Öte yandan Japonya konusunun ele alındığı yazıda, son yıllarda Tokyo’nun dikkatini daha güneye, Tayvan Boğazı’na kaydırdığının altı çiziliyor. Trump’ın Tayvan’ı olası bir Çin saldırısından korumanın değerli olup olmayacağına ilişkin yorumunun ardından, bir Japon hükümet sözcüsü, “Tayvan Boğazı’ndaki ‘barış ve istikrarın’ sadece kendi güvenliğimiz için değil, aynı zamanda tüm uluslararası toplum için de son derece önemli” olduğunu açıkça belirtildiğine değinilerek. “Güney Kore’de olduğu gibi, Japonya ABD’nin yalnızca bölgede yer almasını değil, aynı zamanda ABD çıkarlarını desteklemesini de sağlamaya çalışacak.

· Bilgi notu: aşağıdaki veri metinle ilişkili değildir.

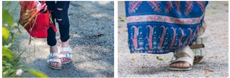
Figure 2: Birkenstock sandals

Interestingly, the Birkenstock case was also substantiated by the phenomenological interviews. Participants expe-

Tayvan’ın da ikinci bir Trump yönetimi konusunda çekinceleri var. Trump’ın ada hakkındaki yorumu, esasen Taipei’nin, ABD ulusal güvenliğini doğrudan etkilemediği sürece, denizaşırı bir çatışma için Amerikan kaynaklarını ve personelini harcamaya karşı olan isteksizliğini yeniden teyit ediyor. Buna karşılık, Tayvan başbakanı, ‘Tayvan savunma bütçesini istikrarlı bir şekilde güçlendirdi ve uluslararası toplumun üyelerinden biri olarak sorumluluğumuzu göstermek için toplumumuzdaki dayanıklılığı güçlendirmek için askerlik hizmeti süresini ayarladı.’ dedi. Günün sonunda, Tayvan, Trump’ın gözünde Ukrayna ile aynı kategoriye düşmekten kaçınmak istiyor.” ifadelerine yer verildi.